Quote Originally Posted by Ronnie Rowland View Post
Do 3-6 sets per body part.

Day 1: chest,shoulder,lats HEAVY DAY
Day 2 : arms/legs/abs HEAVY DAY
Day 3 : off
Day 4: same as day 1 LIGHT DAY
Day 5: same as day 2 LIGHT DAY
Weekends off.

NOTE: TYPE OUT YOUR WHOLE PROGRAM IN THIS THREAD CONTAINING EXERCISES, SETS, REPS AND I WILL CRITIQUE IF FOR YOU!
Hi Ronnie.
Here is the information you asked for:

The following are work sets only.
Day 1:
Chest:
3 sets of incline bench press with smith m/c,
3 sets of flat bench press with smith m/c,
3 sets of flat or incline flies or pec deck,
9 sets total, 6 to 10 reps per set. Ocasionally I may use dumbells instead. and sometimes do 3 sets of declines.

Biceps:
3 sets of barbel or cable m/c curls,
3 sets of seated dumbell curls,
3 sets of preachers using bar or dumbell,
9 sets total, 8 to 10 reps per set.

Abs:
3 sets of sit ups using a decline bench, 20 reps per set.

Day 2:
Back:
3 sets of wide grip lat pull downs,
3 sets of seated m/c rows,
3 sets of bent over rows,
9 sets total 8 to 10 reps per set.

Triceps:
3 sets of skull crushers,
3 sets of behind the neck dumbell presses,
3 sets of tricep cable presses,
9 sets total 8 to 10 reps per set. Triceps is one of my favourite muscles to train so there are many different excersises I use on a typical day, like close grip dips, close grip b/press, bench dips. With triceps, there seems to be so many excersises one can use.

Day 3:
Legs:
3 sets of leg press or squat,
3 sets of leg extensions,
3 sets of leg biceps (hams),
9 sets total, 8 to 10 reps per set.

Calves:
2 sets calve m/c toes pointing in,
2 sets calve m/c toes pointing out,
2 sets calve m/c normal,
6 sets total, 10 reps per set.

Day 4:
Shoulders:
3 sets of seated m/c shoulder presses,
3 sets of side dumbell raises,
3 sets of front dumbell raises,
3 to 5 sets of shrugs using olympic bar (heavy) sometimes use dumbells for this.
12 to 14 sets, 8 reps per set.

Forearms:
6 sets of forearm twists using weighted rope ties to a stick (wrist roller) or 3 sets of forearm curls and 3 sets of reverse forearm curls.

Abs:
3 sets of sit ups using a decline bench, 20 reps per set.

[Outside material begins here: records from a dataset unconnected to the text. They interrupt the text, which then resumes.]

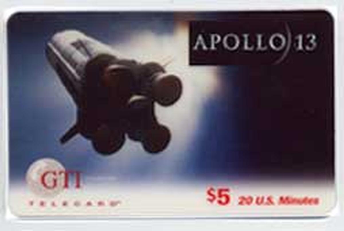 This phone card combines NASA photographs and Hollywood entertainment by featuring imagery tied to the Apollo 13 film while highlighting real space exploration hardware. It serves as a tribute to outer space, rockets, and NASA’s aeronautical achievements during the historic moon mission.
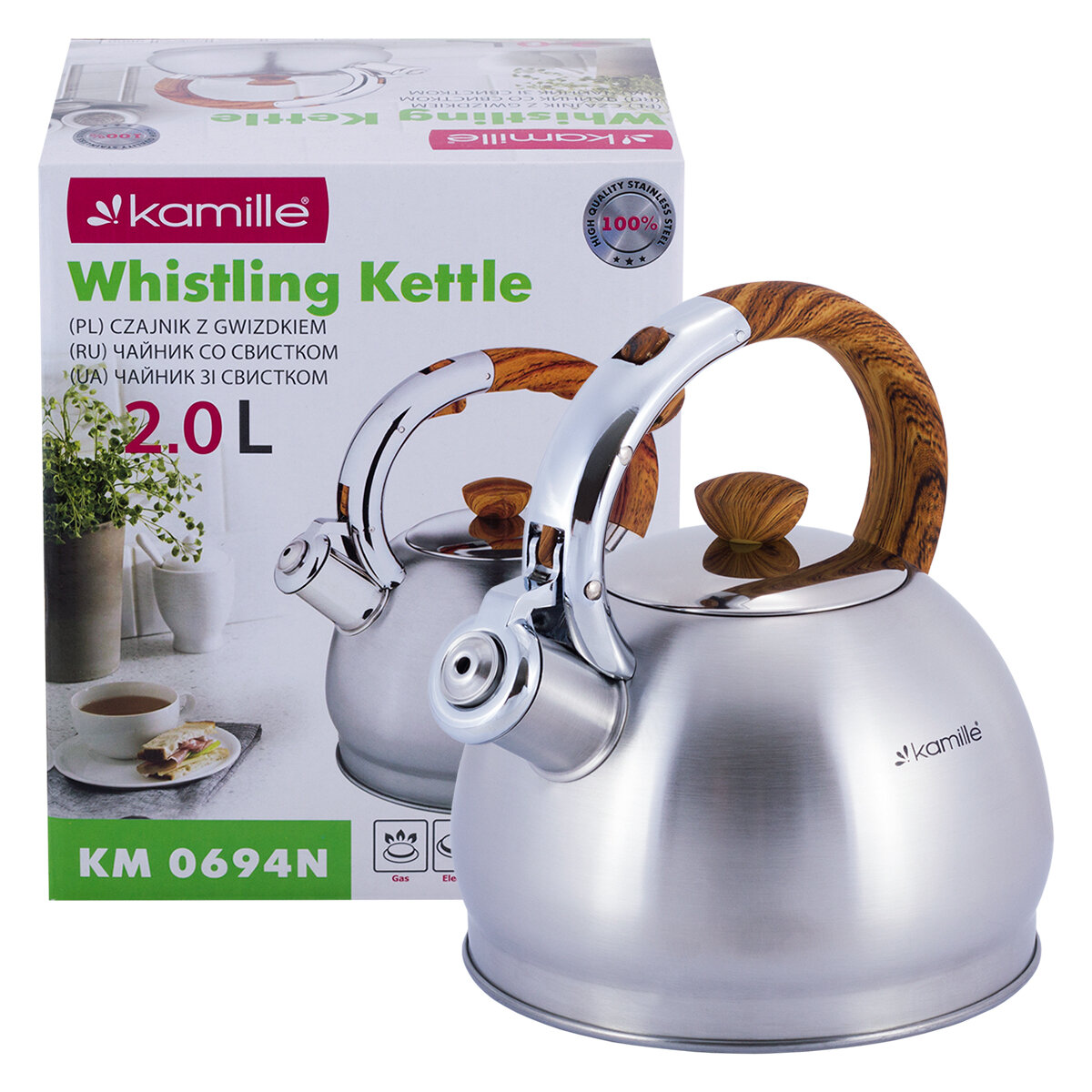 Купить Чайник 2 л. из нержавеющей стали со свистком Kamille KM 0694N (2 л. / серебристый) с доставкой по всей России.
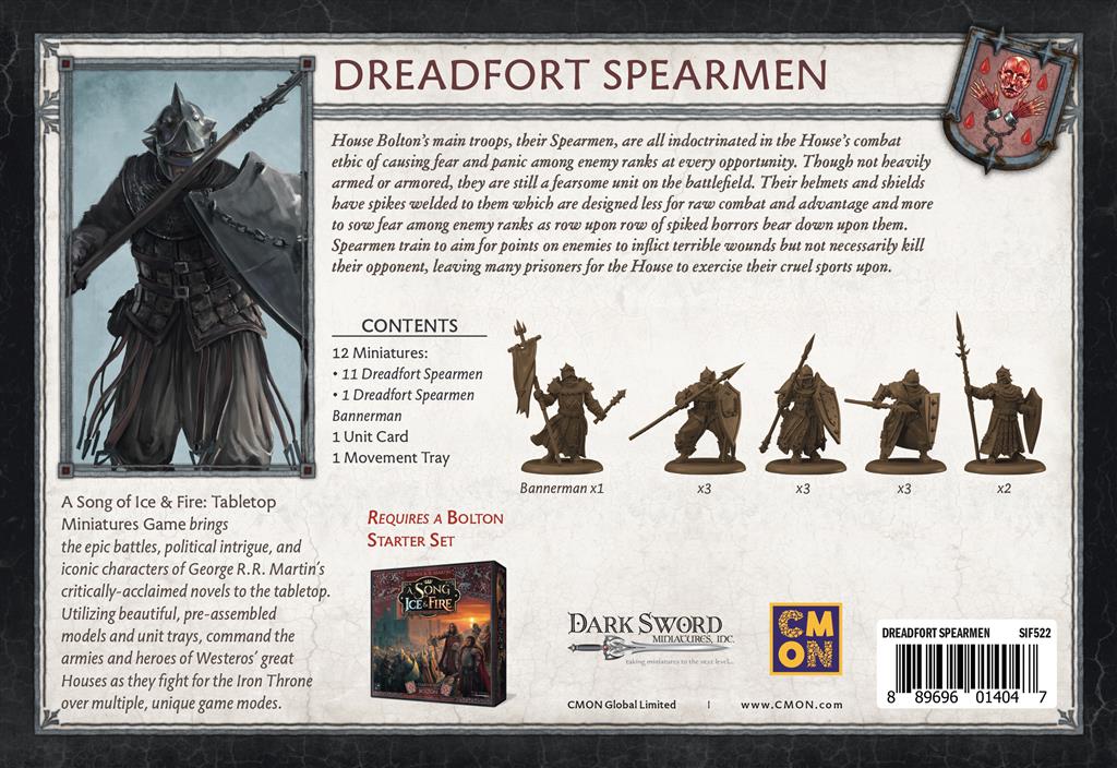 Entraînés à semer la peur et la panique dans les rangs ennemis, les Piquiers de la Maison Bolton sont dénués de tout sens moral. Leurs heaumes et leurs boucliers sont garnis de pointes afin de renforcer leur aspect terrifiant. Ils sont passés maîtres dans l’art d’infliger des blessures douloureuses, mais non fatales, à leurs adversaires, afin qu’une fois la bataille achevée, les nombreux prisonniers puissent permettre aux bourreaux de la Maison Bolton de s’adonner à leurs plaisirs sadiques.
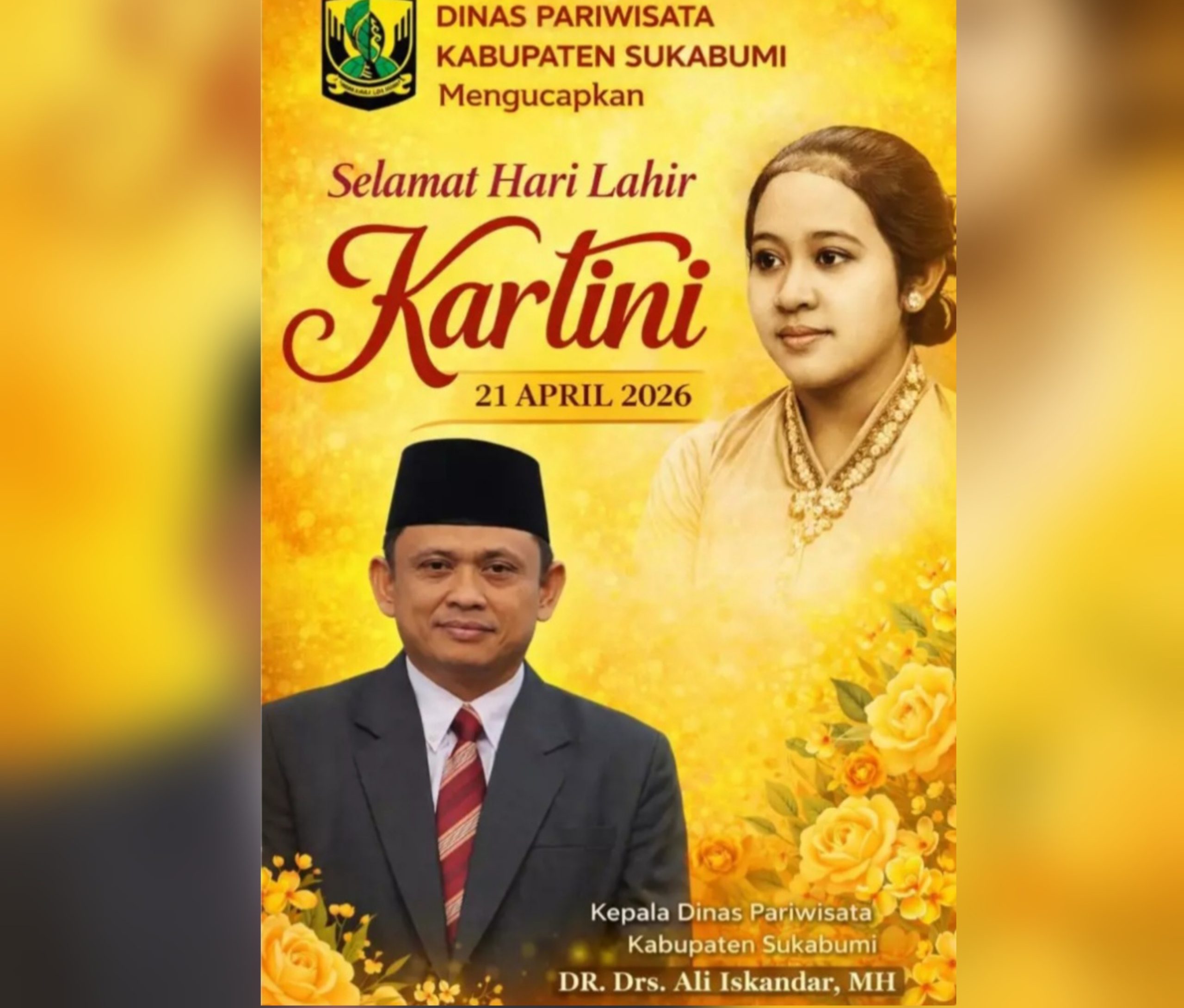 LINGKARPENA.ID | Nuansa keemasan yang hangat seolah memantulkan semangat emansipasi perempuan dalam peringatan Hari Kartini tahun ini. Di tengah momentum 21 April 2026, Kepala Dinas Pariwisata Kabupaten Sukabumi, Dr..Drs. Ali Iskandar, MH, menyampaikan ucapan selamat Hari Kartini sekaligus mengajak masyarakat untuk terus meneladani nilai perjuangan R.A. Kartini dalam kehidupan sehari-hari.
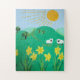 The original and cute childrens illustration on this jigsaw puzzle is painted in a "nieve" sort of style, it's bright and colorful. the picture shows some white and fluffy black faced sheep grazing behind daffodils on the hillside, the sky is blue with fluffy clouds and the sun is shinning. In the background you can see a few leaf covered green trees with in red apples on them. This kids picture jigsaw is easy to put together because the images are painted in nice solid colors with exact outlines. This jigsaw will be enjoyed by all ages.
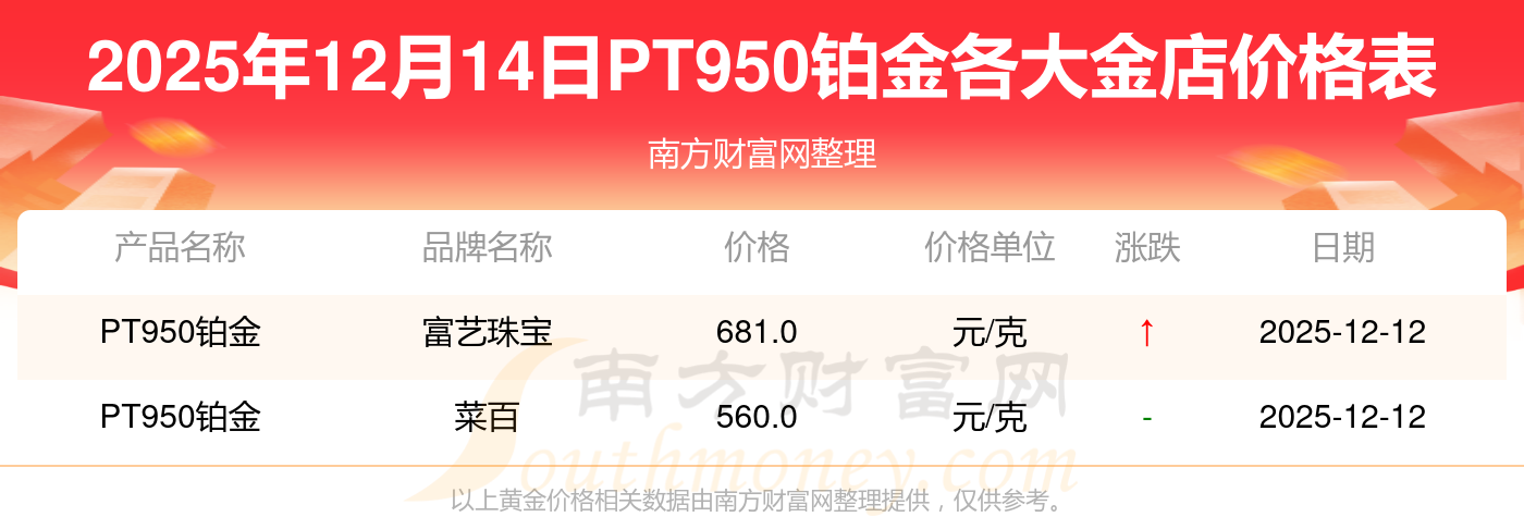 2025年12月14日,周大福、周大福、老凤祥、老凤祥、老庙、老庙、周生生、周生生、周大福、周大福、周大福等各大金店品牌PT950铂金今日价格如下:周大福1336.0元/克、周大福681.0元/克、老凤祥1337.0元/克、老凤祥650.0元/克、老庙1339.0元/克、老庙600.0元/克、周生生1338.0元/克、周生生681.0元/克、周大福1336.0元/克、周大福47410.0、周大福19550.0。

This is a typical week for me, although sometimes I change the excersises but the volume stays the same.
I also have an issue developing my inner chest. When I do exercises like peck deck, cable crossovers or flies and really squeeze at the top of the rep, I get a really good pump but never seem to grow from it. It's as if there's no muscle there to grow. Can you recommend any thing for this?
One last thing, would you recommend wide grip dips and decline presses for lower chest development, or just flat presses?
Many thanks again Ronnie, your help and guidance is always appreciated.